Thanks so much to the IUI girls (Keemjay, Molly, Candy, Starr and mystery person that might be Kelly!) that went to the meet up last weekend and had their photo taken with the message for me and Moosey - I'm really touched and I just spoke to Moosey who said she's grinning at the photo right now.

We both really wanted to come but had already arranged a weekend away but we'll definately be at the next one.

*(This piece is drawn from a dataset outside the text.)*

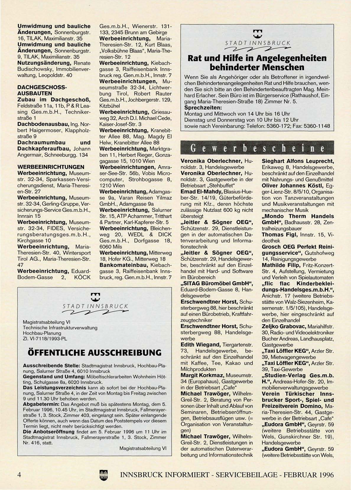 INNSBRUCK INFORMIERT - SERVICEBEILAGE - FEBRUAR 1996

I'm gonna get soppy now but the support you have given me and Moosey over the last 18 months has got us through every step and it's lovely to know that you were thinking of us while you were out having fun...

Lots of love

Victoria
xxx

PS - An extra special thanks to Candy who I understand did the colouring in!


----------



## keemjay (Jan 19, 2004)

aahh, you're welcome hunnies   yes it was candy's skillful colouring, give her a paper napkin and a biro and she's like Van Gogh 

take it the BFP is still going strong then??

kj x


----------



## Victoria_In_London (Jun 25, 2004)

Hi Kim

Great to hear from you.  Yes the BFP is looking good and I'm starting to get a tiny bit hopeful but we'll see - scan in three weeks.

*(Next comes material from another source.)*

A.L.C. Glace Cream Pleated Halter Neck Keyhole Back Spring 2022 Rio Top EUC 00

How's Caleb settling in?  Is he still as cute as in the pic?

Love Victoria 
xxx


----------



## Holly C (Sep 22, 2004)

Victoria and Moosey - It's ME in the middle!!

So great to hear all is looking so good for you both!  

Take care
H xxxx


----------



## Candy (Mar 8, 2004)

You are very welcome ladies, glad things are looking good, hope that positive just keeps getting stronger so pleased for you both.

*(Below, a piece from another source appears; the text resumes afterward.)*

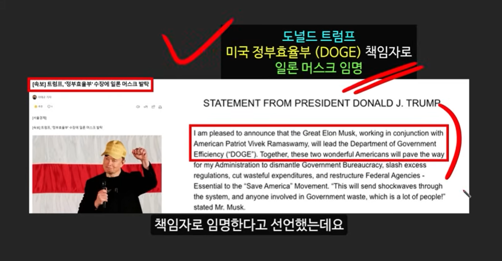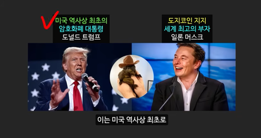 - 정부 효율화 부서와의 상징성: 도지코인은 미국 정부의 '정부 효율화 부서'와 연결되며 다시 한 번 주목받았습니다. 트럼프 대통령과 일론 머스크의 행보로 인해 도지코인이 이 부서의 상징이 되면서 더 많은 투자자들의 관심을 끌게 되었습니다.

PS There will be no excuses for the next meet now.

Shall we start thinking about arranging one for mid Jan, b4 Holly goes what do people think?


----------



## Victoria_In_London (Jun 25, 2004)

Sorry Holly!!!

Another meet would be great and I'll make sure I'm there next time.

Victoria
xxx


----------



## keemjay (Jan 19, 2004)

VIL - just put another Caleb piccie in my album especially for you!
he's doing great thanks - such a cutie and seems to know who we are already - happy to see us but also happy to be in the kitchen by himself with the door closed as he knows we'll come back  he's such good entertainment too, so funny playing with all his toys and fighting the box the dustbuster came in! he has slept thru the night 3 nights in a row now so think we've cracked that thank god. and the house training aint doing bad either, plenty of puddles but also going outside a lot. we love him 
kj x


----------



## Victoria_In_London (Jun 25, 2004)

Kim

I've just looked at the pics and he is sooooooooo cute.  I just want to pic him up and kiss him!

I'm glad he's ok when you leave him alone and it's great that he sleeps well.  I love puppies when they run around because they're so uncoordinated and they have such big feet.  I'm not surprised you love him to bits.  Give him a big kiss from me!

Love Victoria
xxx


----------